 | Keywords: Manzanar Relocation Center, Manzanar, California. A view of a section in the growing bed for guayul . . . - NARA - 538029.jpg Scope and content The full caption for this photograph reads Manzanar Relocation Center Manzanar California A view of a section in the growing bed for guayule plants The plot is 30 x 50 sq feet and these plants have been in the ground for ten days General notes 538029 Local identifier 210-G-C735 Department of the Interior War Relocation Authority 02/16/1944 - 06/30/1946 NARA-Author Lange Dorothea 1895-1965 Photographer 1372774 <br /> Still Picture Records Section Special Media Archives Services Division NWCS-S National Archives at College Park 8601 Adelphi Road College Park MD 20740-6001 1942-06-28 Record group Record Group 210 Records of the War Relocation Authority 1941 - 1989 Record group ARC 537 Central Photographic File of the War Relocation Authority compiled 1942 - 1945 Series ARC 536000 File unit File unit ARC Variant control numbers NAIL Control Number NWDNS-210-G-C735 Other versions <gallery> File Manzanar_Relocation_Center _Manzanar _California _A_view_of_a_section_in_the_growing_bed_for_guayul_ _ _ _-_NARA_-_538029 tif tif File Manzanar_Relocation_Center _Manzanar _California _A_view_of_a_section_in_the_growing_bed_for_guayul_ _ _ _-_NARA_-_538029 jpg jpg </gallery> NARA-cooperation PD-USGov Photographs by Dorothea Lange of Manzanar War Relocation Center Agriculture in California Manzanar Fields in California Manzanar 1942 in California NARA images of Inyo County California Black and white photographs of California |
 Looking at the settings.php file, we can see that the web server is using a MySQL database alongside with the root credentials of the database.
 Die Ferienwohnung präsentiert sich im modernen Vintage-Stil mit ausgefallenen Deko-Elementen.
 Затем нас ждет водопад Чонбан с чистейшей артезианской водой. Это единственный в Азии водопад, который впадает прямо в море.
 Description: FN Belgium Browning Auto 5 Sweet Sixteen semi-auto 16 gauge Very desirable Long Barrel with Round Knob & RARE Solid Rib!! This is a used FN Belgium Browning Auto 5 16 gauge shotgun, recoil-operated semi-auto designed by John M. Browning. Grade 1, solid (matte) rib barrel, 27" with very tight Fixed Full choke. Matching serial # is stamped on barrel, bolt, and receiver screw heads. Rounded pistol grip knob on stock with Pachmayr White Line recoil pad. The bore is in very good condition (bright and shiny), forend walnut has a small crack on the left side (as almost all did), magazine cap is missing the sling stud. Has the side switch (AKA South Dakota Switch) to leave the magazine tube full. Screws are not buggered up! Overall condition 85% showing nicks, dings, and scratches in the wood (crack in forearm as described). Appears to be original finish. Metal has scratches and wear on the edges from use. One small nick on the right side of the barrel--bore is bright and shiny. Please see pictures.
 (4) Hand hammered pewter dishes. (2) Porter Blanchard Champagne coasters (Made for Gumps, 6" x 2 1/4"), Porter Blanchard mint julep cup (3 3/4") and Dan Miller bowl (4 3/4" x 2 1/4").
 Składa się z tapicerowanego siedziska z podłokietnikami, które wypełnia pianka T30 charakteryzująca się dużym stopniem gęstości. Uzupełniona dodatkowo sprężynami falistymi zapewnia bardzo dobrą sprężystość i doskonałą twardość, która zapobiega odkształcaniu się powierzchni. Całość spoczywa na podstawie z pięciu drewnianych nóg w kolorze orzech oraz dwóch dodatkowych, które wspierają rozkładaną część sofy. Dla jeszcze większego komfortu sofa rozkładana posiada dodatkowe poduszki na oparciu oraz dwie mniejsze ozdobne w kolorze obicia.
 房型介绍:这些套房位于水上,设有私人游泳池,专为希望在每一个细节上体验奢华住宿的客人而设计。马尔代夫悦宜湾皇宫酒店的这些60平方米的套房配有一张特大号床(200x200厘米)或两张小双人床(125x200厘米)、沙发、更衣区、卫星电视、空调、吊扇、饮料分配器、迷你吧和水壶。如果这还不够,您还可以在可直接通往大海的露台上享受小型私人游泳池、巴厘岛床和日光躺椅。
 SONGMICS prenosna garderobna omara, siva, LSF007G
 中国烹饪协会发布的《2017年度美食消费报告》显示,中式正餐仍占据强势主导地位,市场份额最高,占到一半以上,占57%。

- - - -

:: PROBLEM DETAILS ::
For an answer, give a copy of every line in the listing that holds the word "with".

:: OUTPUT FOR THIS TASK ::
 Looking at the settings.php file, we can see that the web server is using a MySQL database alongside with the root credentials of the database.
 Description: FN Belgium Browning Auto 5 Sweet Sixteen semi-auto 16 gauge Very desirable Long Barrel with Round Knob & RARE Solid Rib!! This is a used FN Belgium Browning Auto 5 16 gauge shotgun, recoil-operated semi-auto designed by John M. Browning. Grade 1, solid (matte) rib barrel, 27" with very tight Fixed Full choke. Matching serial # is stamped on barrel, bolt, and receiver screw heads. Rounded pistol grip knob on stock with Pachmayr White Line recoil pad. The bore is in very good condition (bright and shiny), forend walnut has a small crack on the left side (as almost all did), magazine cap is missing the sling stud. Has the side switch (AKA South Dakota Switch) to leave the magazine tube full. Screws are not buggered up! Overall condition 85% showing nicks, dings, and scratches in the wood (crack in forearm as described). Appears to be original finish. Metal has scratches and wear on the edges from use. One small nick on the right side of the barrel--bore is bright and shiny. Please see pictures.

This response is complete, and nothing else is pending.